Done this week:
The test poncho is sewn, which gives me a sense of size and lets me test for weight.
I’ve tested all the candidate fasteners as parts of simple circuits (lighting a single LED), and they all work fine. Some of the stronger magnets require a fair effort to separate, which may be something to keep in mind — the garment may need reinforcement wherever they’re sewn in, and the module cases may need to be shaped to allow for enough grip.
Issues:
Still deciding what the textile part should look like. The current test poncho helps gives a feel for what the final size should be (it’s a bit small), but the pattern and fabric need to be decided.

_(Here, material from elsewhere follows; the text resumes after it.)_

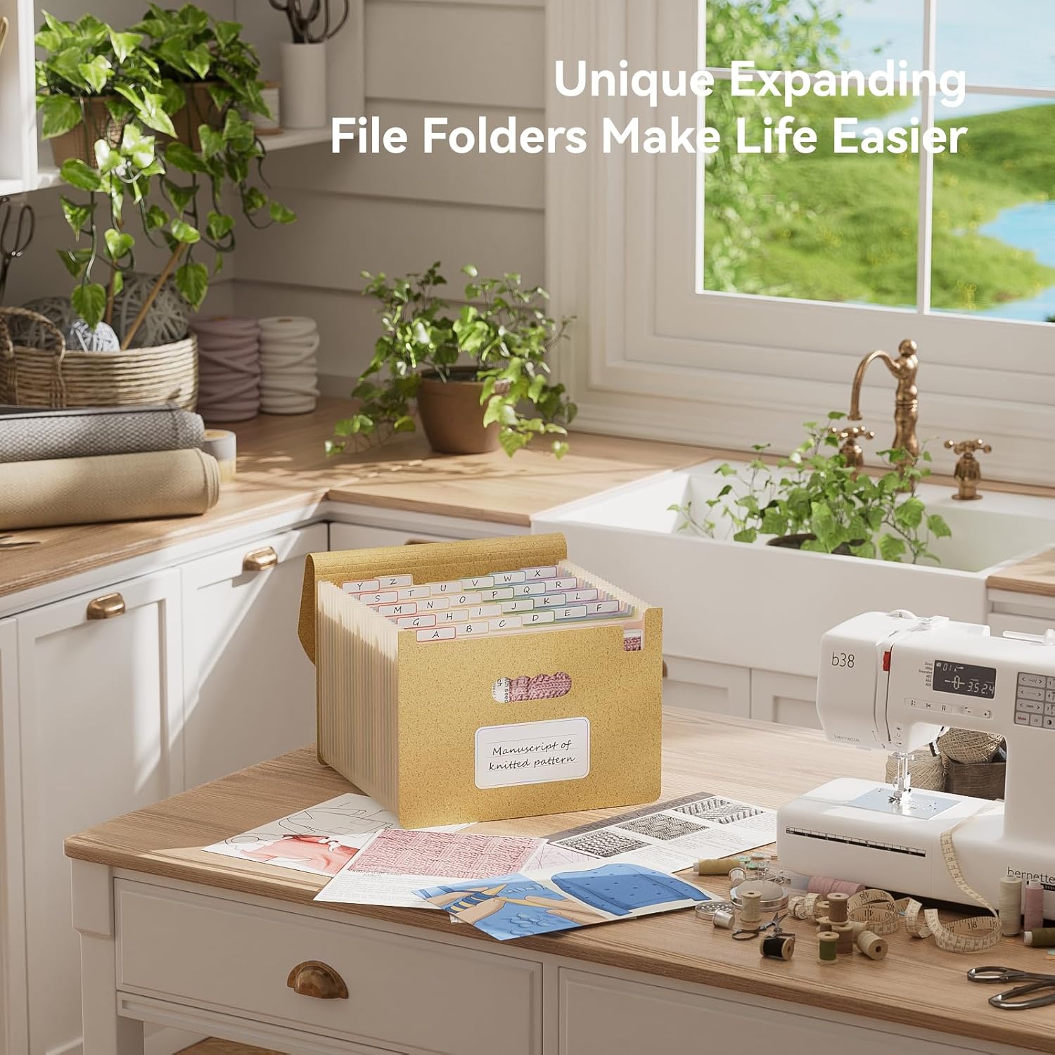 Accordion File Organizer, 26 Pockets Wheat Straw Expanding File Folder, Monthly Bill Receipt Organizer, A-Z Tabs, 100% BPA Free, Return to Nature, Healthy Living, Letter/A4 Size-Wheat Yellow

Considering printing a layer of conductive ink on a fabric middle layer, and having the outer layer’s pattern reflect the printed traces?
A plan for the next week of work:
Make a test case, and test it on the test poncho.
Decide on the final hardware, possibly purchase additional. (a raspberry pi 3? some adafruit trinkets?)
Maybe rig a trinket, or whatever else is on hand, as an I2C slave.
What percentage would you estimated that you have completed for your project?
About 40% to the baseline — a case that sticks to a garment while both do something electronic, but can be removed for charging.
There’s a lot of polish and embellishment possible beyond that 100%, though.
How much has the project changed since your initial pitch?
Pretty much the same, though a bit more fleshed out now.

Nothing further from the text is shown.